Selling? Most of it has been covered but,yeah..Id MUCH rather take LESS for an item outside ebay then have to wait about 10 days for my money to be in the bank= free loan to make interest off of for ebay(Which Ive acutally discussed with 2 financial people.."Thats exactly what ebay is doing..making money off your money" yes banks do it,but if you have savings in a bank,you can at least withdraw it when you want..  Facebook now does the exact same thing..

One of the reasons that I love the CABE!
Now I go to yard sales for REAL treasures!! two nice 50 foot garden hoses for $2 !!!


----------



## Schwinny (Apr 29, 2021)

bikesnbuses said:


> MY new biggest gripes after 20 years are ..
> Buying? ALOT of "new" ZERO/0 feedback sellers..(yikes) I know we all have to start somewhere but man..buying comics(for me).. almost seems like almost half ..lol are new..
> MORE importantly..THIS month ..Ive had to return THREE ITEMS that were WRONG,misrepresnted/damage hidden and POORLY packed..in ALL 3 ..I had to pack up/mail back and then WAIT for up to 3 days AFTER THEY receive it to HOPEFULLY have my refund in the bank..THEN I leave WELL deserved negative feedback and they get it removed..? Are you kidding??
> 
> ...



Exactly.
Ebay now makes it easier to switch accounts if you have too many neg feedbacks. Its one of the questions with links they ask you when you are closing your account. Thats a reason for so many low feedback apparently experienced sellers. They also make it easy to have negs removed and are now only counting feedback for the past year instead of entire history.
Its a typical morph towards money.
Its one of the deeply disturbing topics of modern culture, make money at all cost.
I seriously thought about closing and re-opening my bank account to close them out of the last lump of fees I owed them. But that would just be another dark cloud hanging over the situation.
Just Screw Em'... "metaphorically"

Damn, I need a couple long garden hoses.....


----------



## frampton (Apr 29, 2021)

The last time I sold anything on eBay was when a U.S. Postal Money Order or cash was the accepted form of payment.


----------



## phantom (Apr 29, 2021)

I don't buy or sell anything on e bay any more except a ton of 1 18 diecast muscle cars. You just have to buy right and sell right, as well as being very descriptive in terms, condition etc: Fortunately I have never had to make a refund or request one in well over ten years. I never list with a BIN option. I always have a starting price ( not a reserve ) with a best offer option. I make some little change in price + or - every day. Anyone that has looked at it gets an updated e mail re: change. With all it's flaws etc: there is no other format that give me the audience e bay does. I'm pretty structured so I can adapt to rules, policies and regulations. No one is forcing me to use them.


----------



## jimbo53 (Apr 29, 2021)

Will check eBay to buy but haven’t sold anything on there for years. I collect bikes and stringed musical instruments and want to see them before buying. I did take a chance on a 1965 Rudge Brit bike being sold 4 hours away Buy It Now No Shipping. Really wanted the bike-paid for it and hit the road. Got lucky because he was a reputable seller and the bike was worth a good bit than I paid, so I was happy. If selling I stick to The CABE, FBM and Craigslist, cash in hand and no corporate BS.


----------



## Nashman (Apr 29, 2021)

BFGforme said:


> That's weird, just bought few things last night and no fees, just Cali sales tax!

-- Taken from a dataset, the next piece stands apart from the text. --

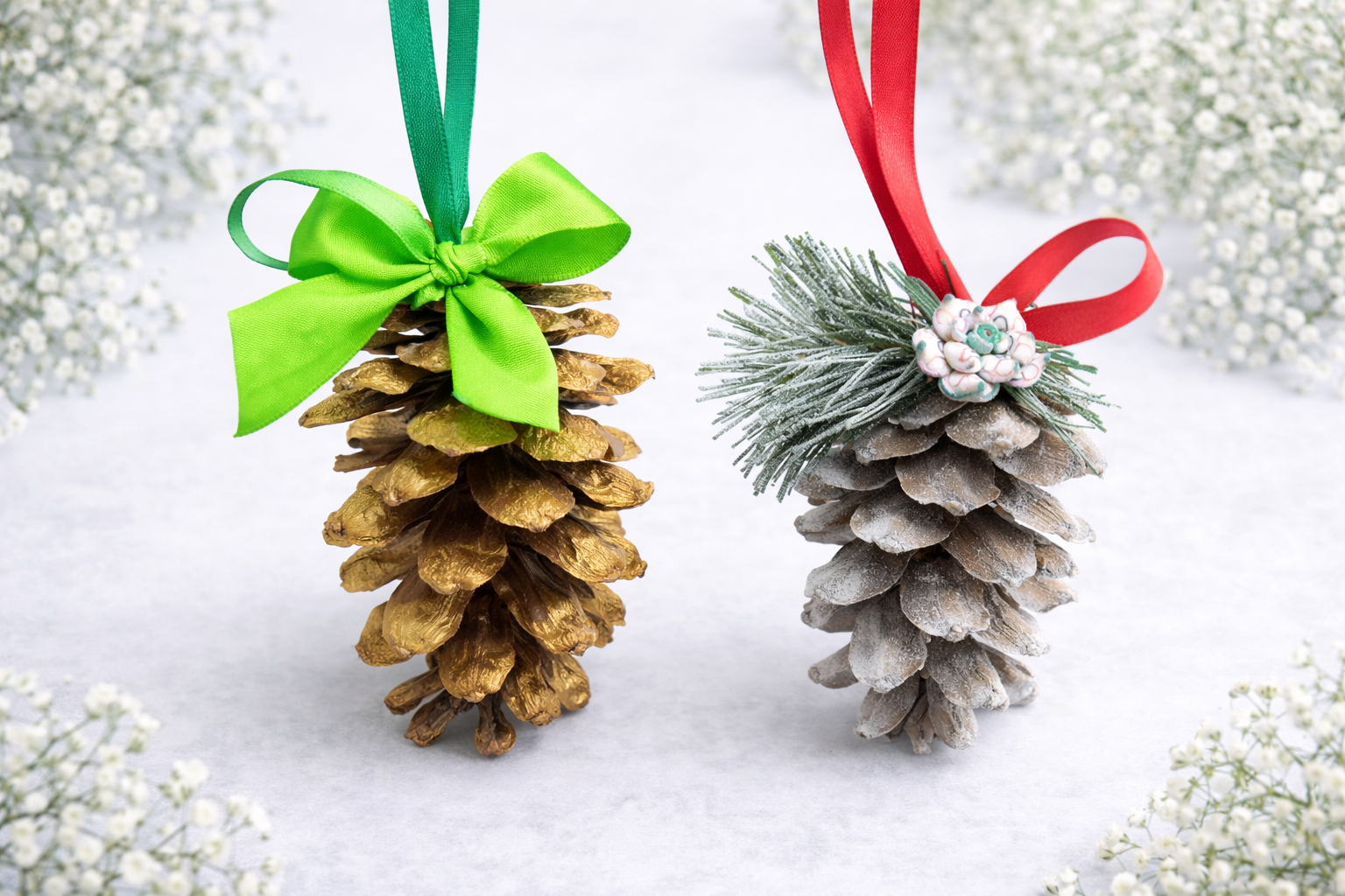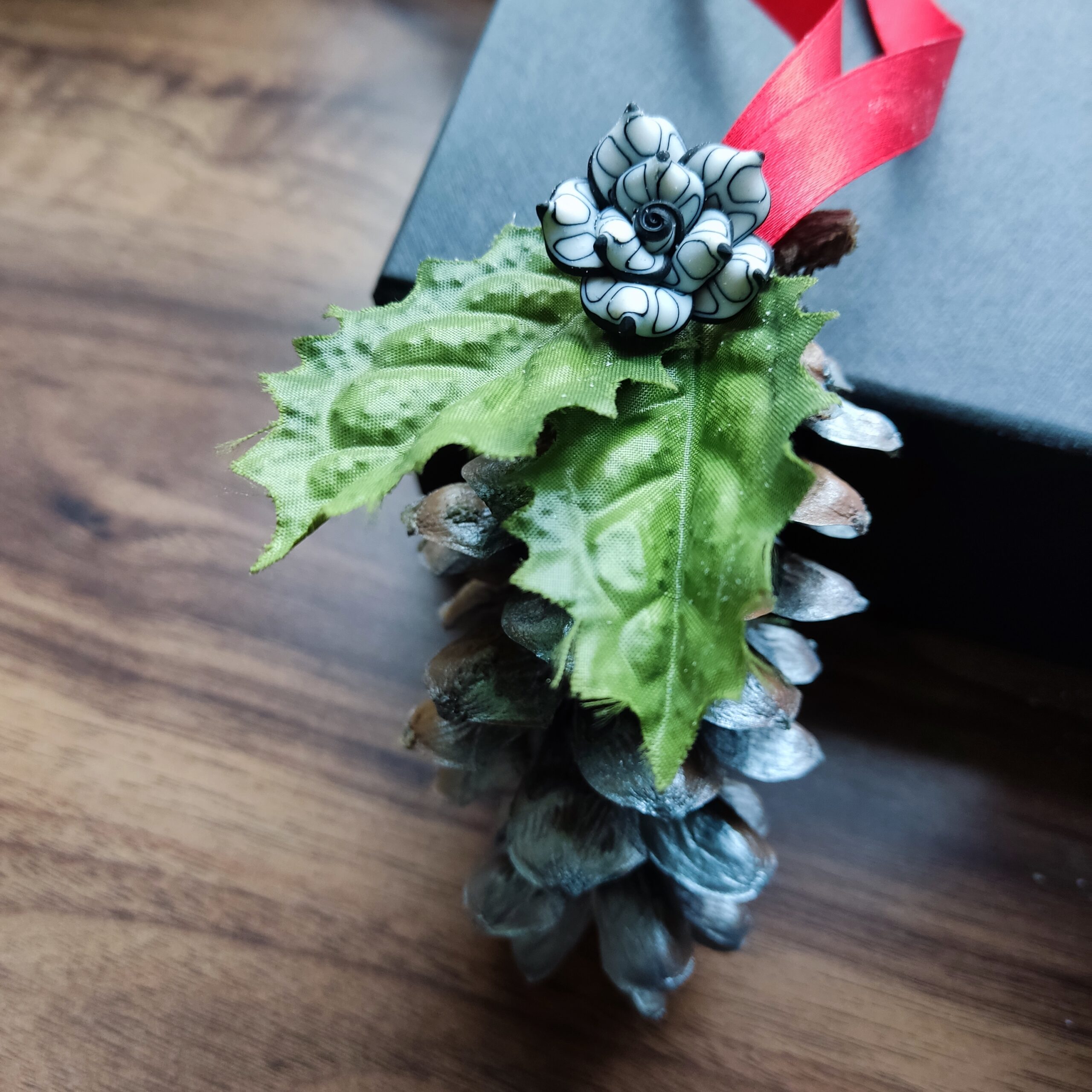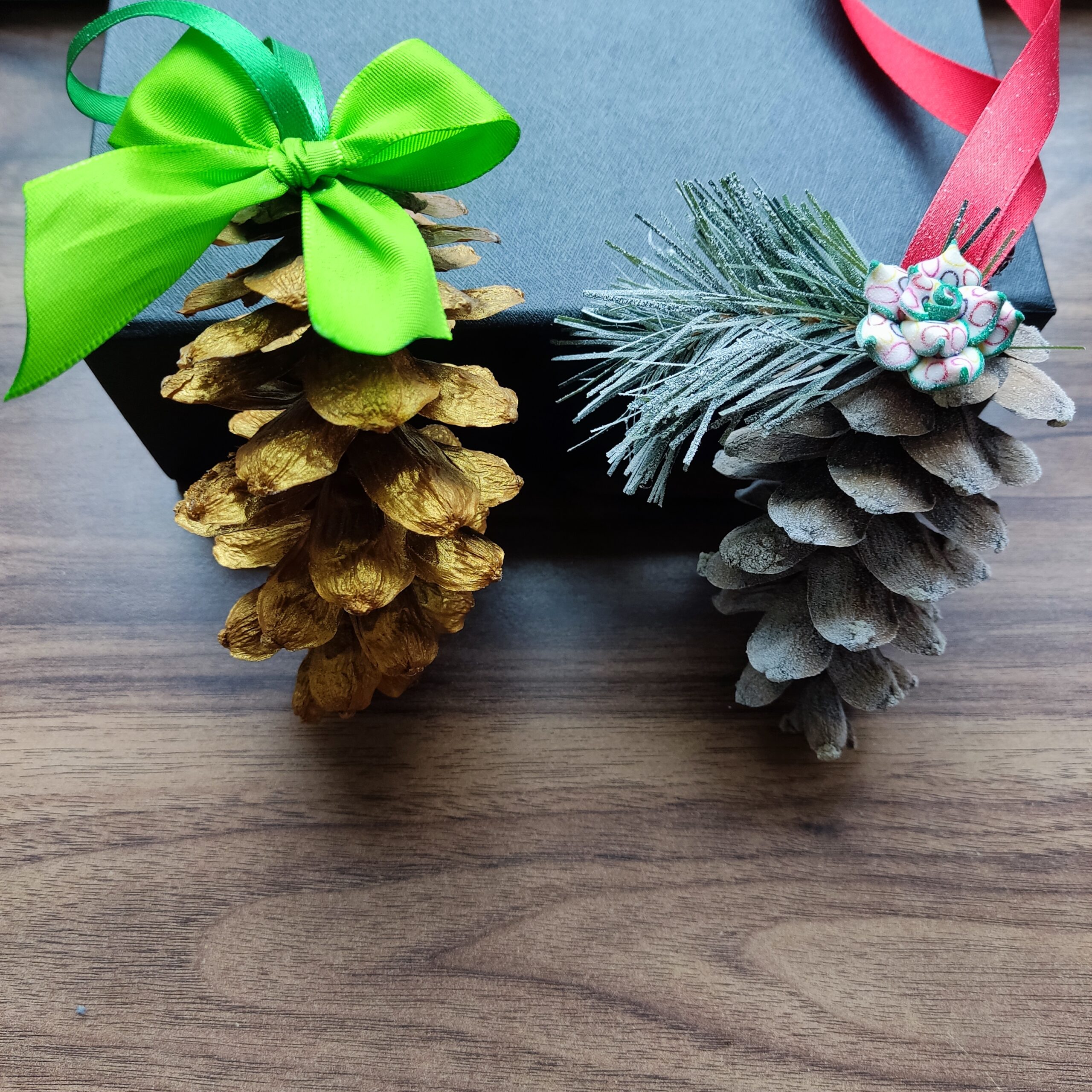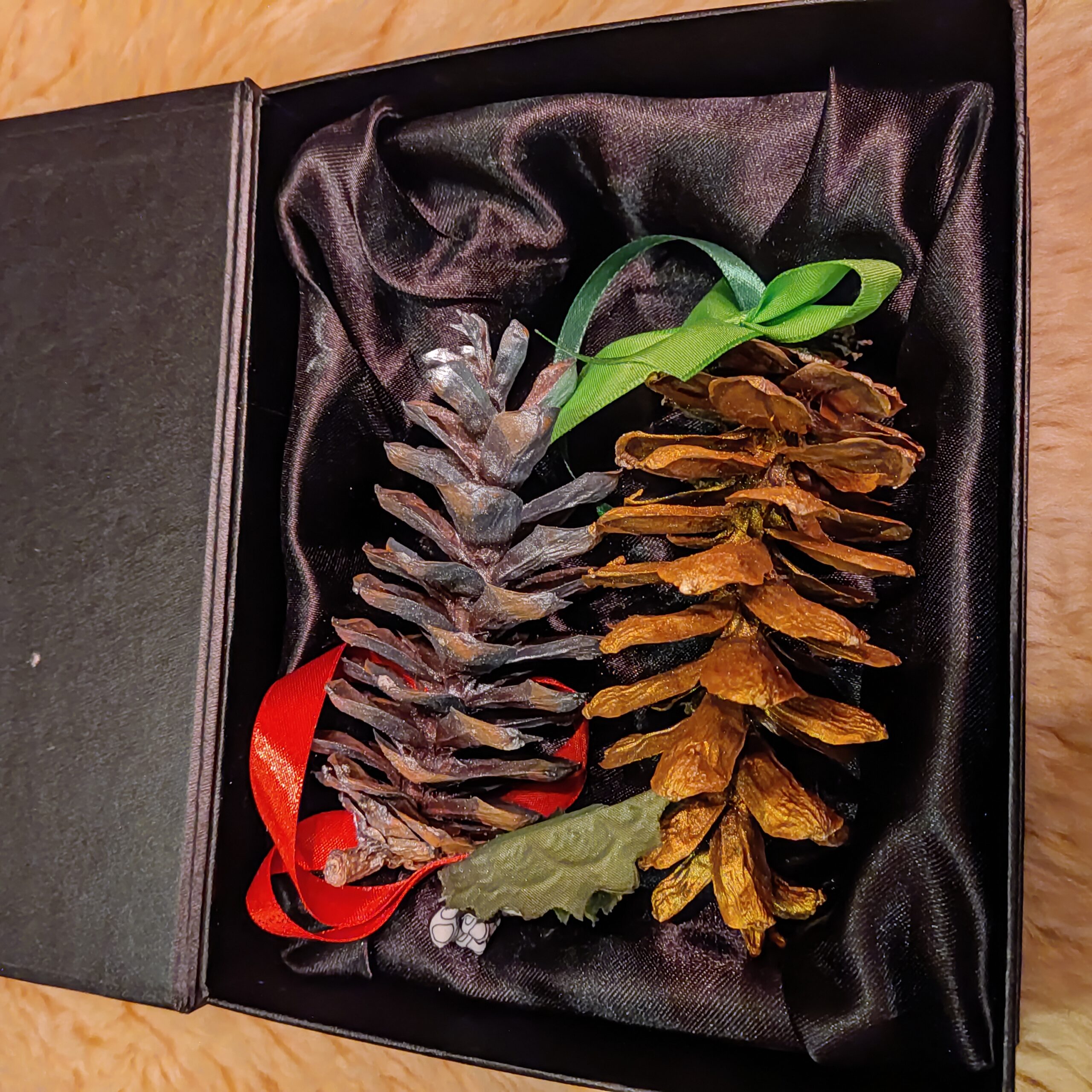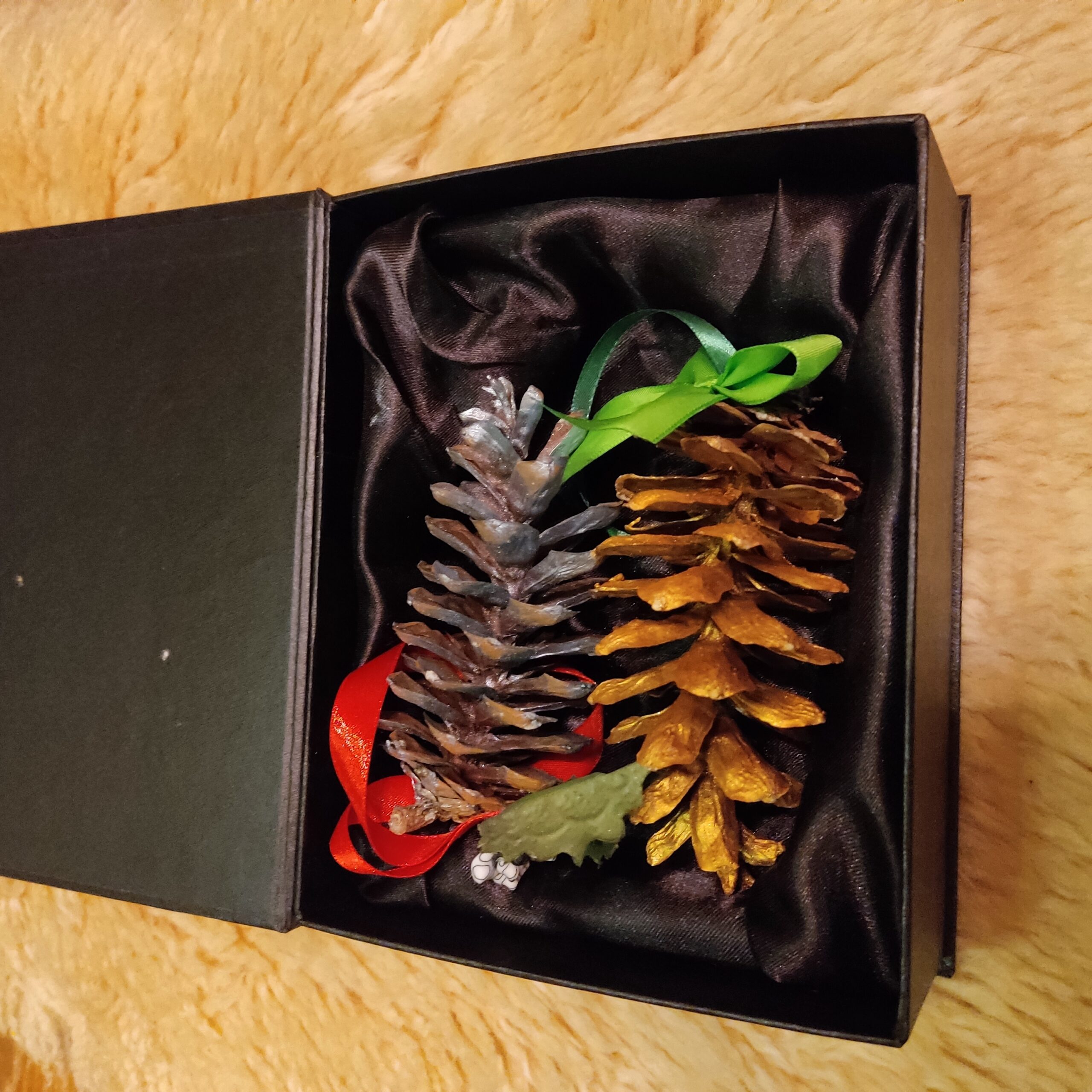 Käsitööna valminud käbidest jõuluehted väikeses kinkekarbis. Karbis kokku 2 ehet.

It's the seller who gets hooped.


----------



## Nashman (Apr 29, 2021)

BFGforme said:


> Stopped selling, but continue to buy....



Same here. There are still some unique ( vintage) items you just can't find anywhere else, and buying is easy. Selling was always a pile of work if you did it thorough and the fees just got insane, then taxes, and shipping rates over the top. Unless you have something very rare and desirable and came into it cheap, it's a loss if you put any value on your time and hassle factor.


----------



## zephyrblau (May 1, 2021)

I just returned a Corbin armless hub.  (not well described ... and won @ a decent price) but may have been missing parts and didn't work. 
because Ebay's free shipping label software was having a headache I paid for return shipping and got stuck for the $12.   
IIRC, it's the first one that popped up there in 4 or 5 years. it's been at least a few years since one was offered here.


----------



## Schwinny (May 1, 2021)

zephyrblau said:


> I just returned a Corbin armless hub.  (not well described ... and won @ a decent price) but may have been missing parts and didn't work.
> because Ebay's free shipping label software was having a headache I paid for return shipping and got stuck for the $12.
> IIRC, it's the first one that popped up there in 4 or 5 years. it's been at least a few years since one was offered here.



Yes, the return shipping depends on the seller making an exactly accurate weight and size on their sale. If you need to send something back and those are wrong, 
...HEADACHE. And no-one to talk to about it on Ebay. The folks in India dont know either.


----------



## ricobike (May 1, 2021)

bikesnbuses said:


> Now I go to yard sales for REAL treasures!! two nice 50 foot garden hoses for $2 !!!



Here's a tip for ya.  Hook those babies up in series and spread them out on your lawn on a sunny day.  Let them sit for a while in the sun and you'll have more than enough hot water for an oxy bath .


----------



## 49autocycledeluxe (May 1, 2021)

yup, ebay has gone to the dogs. guess they can make more money selling junk from China than anything collectible. they screwed it up big time long ago for vintage car part guys. you put 1949 Chevrolet in your search and 5,000 listings for seat covers and assorted nonsense come up. back when I was selling car parts there was 4 other guys selling 49 - 54 Chevy items. now there are none.


----------